School of Electrical Engineering, Korea Advanced Institute of Science and Technology, Daejeon, Republic of Korea.
Samsung SDS, Seoul, Republic of Korea.
Sci Rep. 2019 Jul 10;9(1):9975. doi: 10.1038/s41598-019-46098-8.
As intelligent machines have become widespread in various applications, it has become increasingly important to operate them efficiently. Monitoring human operators' trust is required for productive interactions between humans and machines. However, neurocognitive understanding of human trust in machines is limited. In this study, we analysed human behaviours and electroencephalograms (EEGs) obtained during non-reciprocal human-machine interactions. Human subjects supervised their partner agents by monitoring and intervening in the agents' actions in this non-reciprocal interaction, which reflected practical uses of autonomous or smart systems. Furthermore, we diversified the agents with external and internal human-like factors to understand the influence of anthropomorphism of machine agents. Agents' internal human-likenesses were manifested in the way they conducted a task and affected subjects' trust levels. From EEG analysis, we could define brain responses correlated with increase and decrease of trust. The effects of trust variations on brain responses were more pronounced with agents who were externally closer to humans and who elicited greater trust from the subjects. This research provides a theoretical basis for modelling human neural activities indicate trust in partner machines and can thereby contribute to the design of machines to promote efficient interactions with humans.
随着智能机器在各种应用中广泛普及,高效操作它们变得越来越重要。
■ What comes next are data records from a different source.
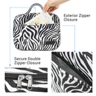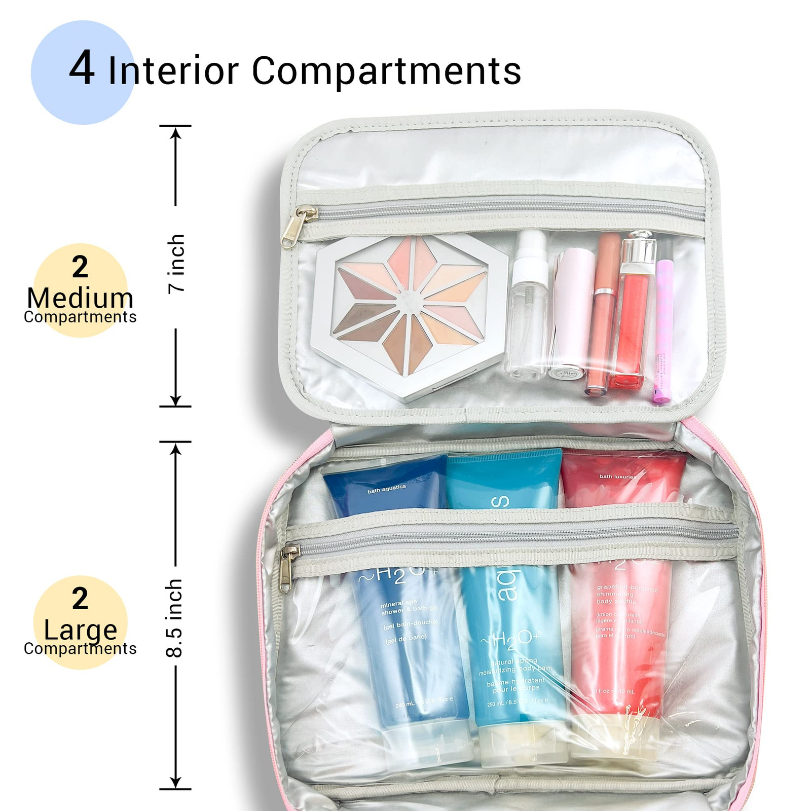 LARGE CAPACITY: Multi-functional compartments. 4 interior compartments with zipper closure pockets and 1 exterior zipper closure pocket to store your travel size and full size personal care hygiene items, toiletry accessories, or cosmetic products such as lotions, shampoo, conditioners, make up necessities, foundations, grooming products, etc. CONVENIENT & PRACTICAL: Double zipper closure ensures convenience and security. Use the included hanging hook to hang the opened and expanded bag in bathrooms or in hotel rooms when you are on the go. Allows easy access to all your toiletry necessities and accessories. Or use it at home as your bathroom organizer, home grooming and personal care items storage. VERSATILE: Suitable for your family trip to pack all men, women and kids toiletries. Double carry handle doubles as its hanging strap. Can be used as travel organizer bag for toiletry accessories, personal care items, hygiene products, grooming products, cosmetics and makeup essentials. Convenient and easy-to-carry, great for overnight staying, a long journey, gym shower and outdoor activities SPLASH & WATER PROOF: Exterior made of premium quality Polyester material that’s splash proof, interior made of sturdy water proof material. Well-padded design to keep full bag's shape and provide great protection. Sturdy stitching and heavy duty material and it can stand up many items. SIZE & COLOR: Zipped bag size is approximately H9 x W11 x D3.5 in. Opened and expanded size is approximately L40 x W11 in including hanging hook. Color: Leopard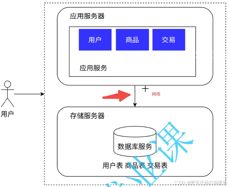 以电子商城为例,可以看到应用(划分了多个模块)和数据库在各自的服务器上通过网络协作完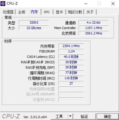 ▼内存是DDR5 4800MHz 16GB*2,时序40-39-39-77。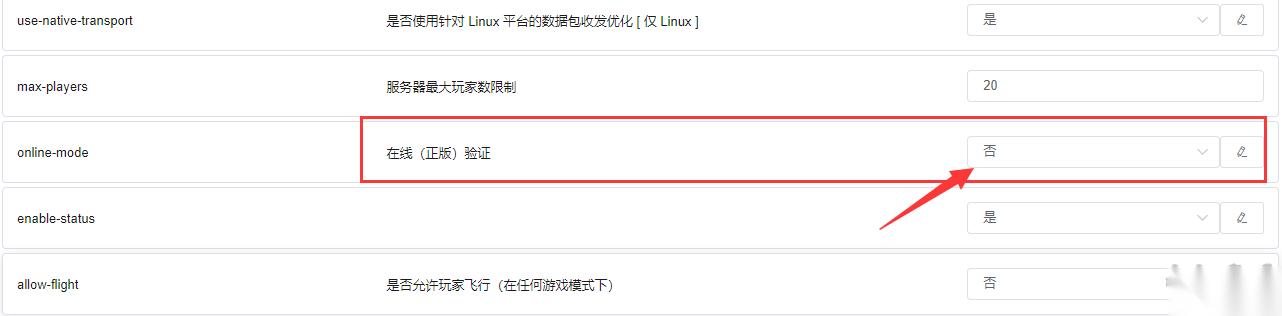 首先关闭实例,点击特定设置,选择第一个:[通用] server.properties,下滑找到:在线正版验证选择 : 否

为了实现人机之间富有成效的交互,需要监测人类操作者对机器的信任。然而,人类对机器信任的神经认知理解是有限的。在这项研究中,我们分析了非互惠人机交互过程中人类的行为和脑电图 (EEG)。在这种非互惠交互中,人类主体通过监控和干预代理的行为来监督他们的伙伴代理,这反映了自主或智能系统的实际用途。此外,我们通过外部和内部的类人因素使代理多样化,以了解机器代理的拟人化程度的影响。代理的内部类人特征表现在他们执行任务的方式上,这影响了主体的信任水平。通过 EEG 分析,我们可以定义与信任增减相关的大脑反应。信任变化对大脑反应的影响在与外部更接近人类且能引起主体更大信任的代理时更为明显。这项研究为建模人类神经活动以指示对伙伴机器的信任提供了理论基础,从而有助于设计机器以促进与人类的高效交互。